AVAILABLE DATA →
..........

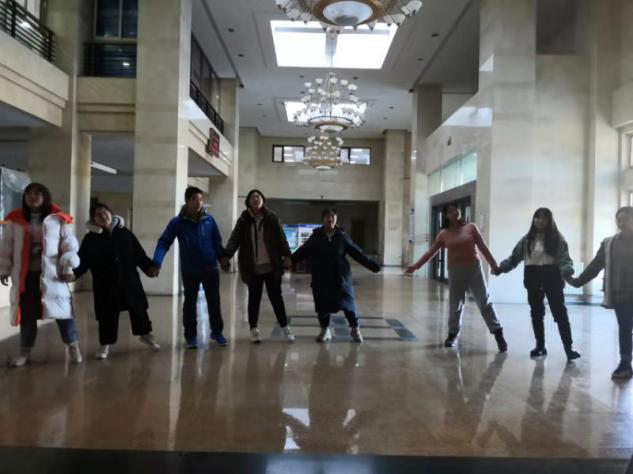 2019年11月12日晚上6点,迎新晚会所有演职人员在行政楼一楼进行紧锣密鼓的彩排。杨晨老师亲临现场进行指导,对四个歌曲节目,两个曲艺节目和一个朗诵节目在细节上进行打磨和雕琢,丰富了节目的内容和连贯性。虽然场地有限,但排列氛围热烈,所有演职人员非常重视此次彩排。
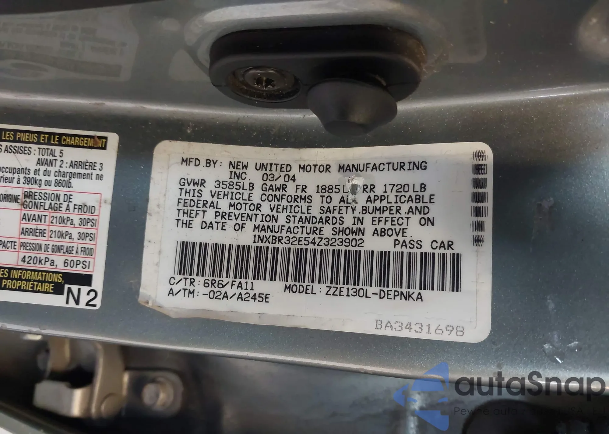 • VIN 4S3BMBB68C3033096
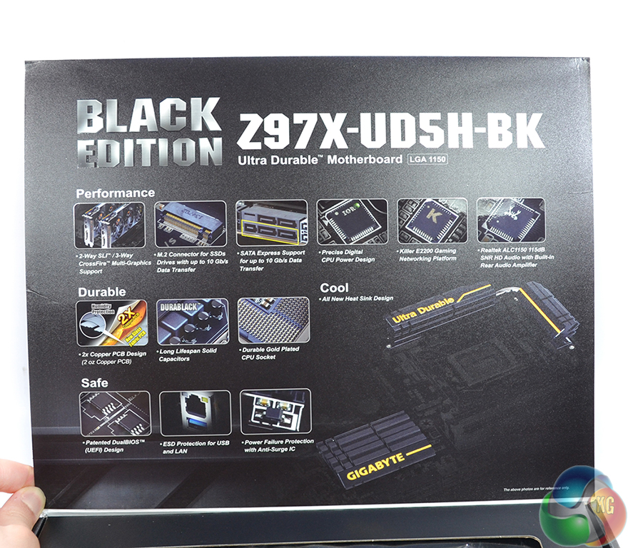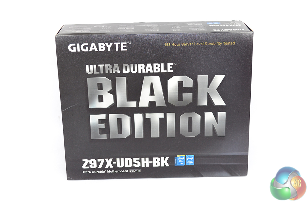 Sticking to the motherboard's Black Edition marketing, Gigabyte ships the Z97X-UD5H-BK in black packaging.
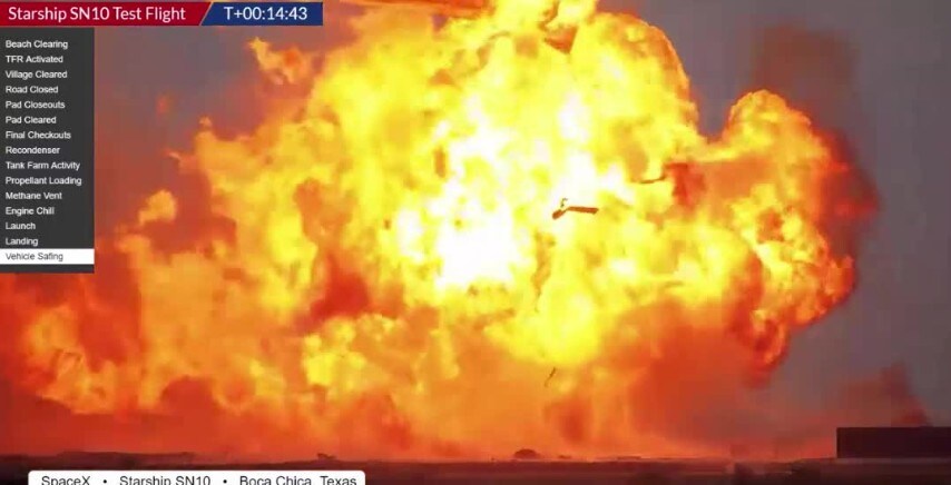 Razzo Starship SN10 esplode dopo l'atterraggio

..........

YOUR TASK → Your copy should run from the line that has "Sticking to the" through the last line above, exactly, with both ends in and pictures out.

RESPONSE →
 Sticking to the motherboard's Black Edition marketing, Gigabyte ships the Z97X-UD5H-BK in black packaging.
 Razzo Starship SN10 esplode dopo l'atterraggio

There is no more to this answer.